Product development projects, especially in the aerospace industry, still suffer from significant cost and schedule overruns. Many researchers and scientists focused first on process and tools to shorten the time and reduce the cost of new product development projects. The results were far from resolving this issue. Thus, the focus was reoriented toward enhancing the accuracy of estimates. Thereby, a large number of research papers were published regarding effort and time estimation in new product development. Most of them are modeling based on the use of some specific drivers for estimation matter. However, to the best of our knowledge, there are no rules or frameworks about which drivers are relevant to use and which are not. This paper proposes a new and original framework that characterizes and organizes effort and time drivers in aerospace product development. The aim is to identify and support the understanding of most relevant drivers for aerospace product development effort and time.

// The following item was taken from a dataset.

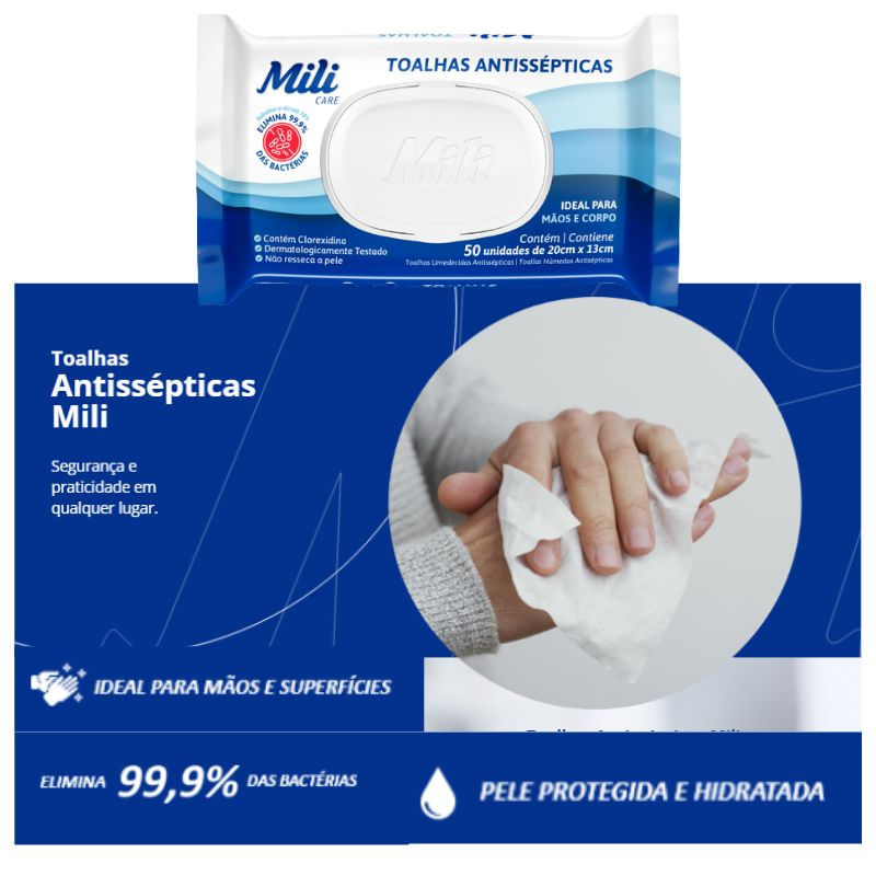 Toalhas Umedecidas Mili Antissépticas Embalagem com 24 pacotes de 50 unidades, totalizando 1200 toalhas Experimente a praticidade aliada à segurança com as Toalhas Umedecidas Mili Antissépticas. Cada embalagem contém 50 unidades, com medidas de 20 cm x 13 cm, proporcionando limpeza eficaz em qualquer lugar. Principais Benefícios: • Eliminação de 99,9% das bactérias: Enriquecidas com Clorexidina, nossas toalhas substituem o álcool 70% na limpeza de mãos, corpo e superfícies, oferecendo proteção máxima. • Segurança e Praticidade: Embalagem com 24 pacotes de 50 unidades, totalizando 500 toalhas, para garantir que você esteja sempre preparado. • Efeito Hidratante: Diferente de muitos produtos, nossas toalhas proporcionam limpeza sem ressecar a pele, mantendo-a suave e hidratada. • Aroma Agradável de Erva-Doce: Desfrute de uma suave fragrância de erva-doce durante o uso, tornando a experiência ainda mais agradável. As Toalhas Umedecidas Mili Antissépticas são a escolha perfeita para uma higiene completa e conveniente. Substitua o álcool 70% com confiança e cuide da sua pele com a eficácia que você merece.

The framework was developed based on an extensive literature review and a postmortem analysis of cost and time overruns of a significant product development program in the aerospace industry. The final list of the frameworks’ drivers was validated and refined using a survey. Results suggested that, beside risks and uncertainty, technologies maturity, degree of change in design, ambiguity of requirements, functional decompositions, severity of standards, process overlapping and variety of key stakeholders drive effort and time as complexity drivers while processes maturity, experience with technology, risk management, change management, level of trust in suppliers and team skills drive effort and time as proficiency drivers.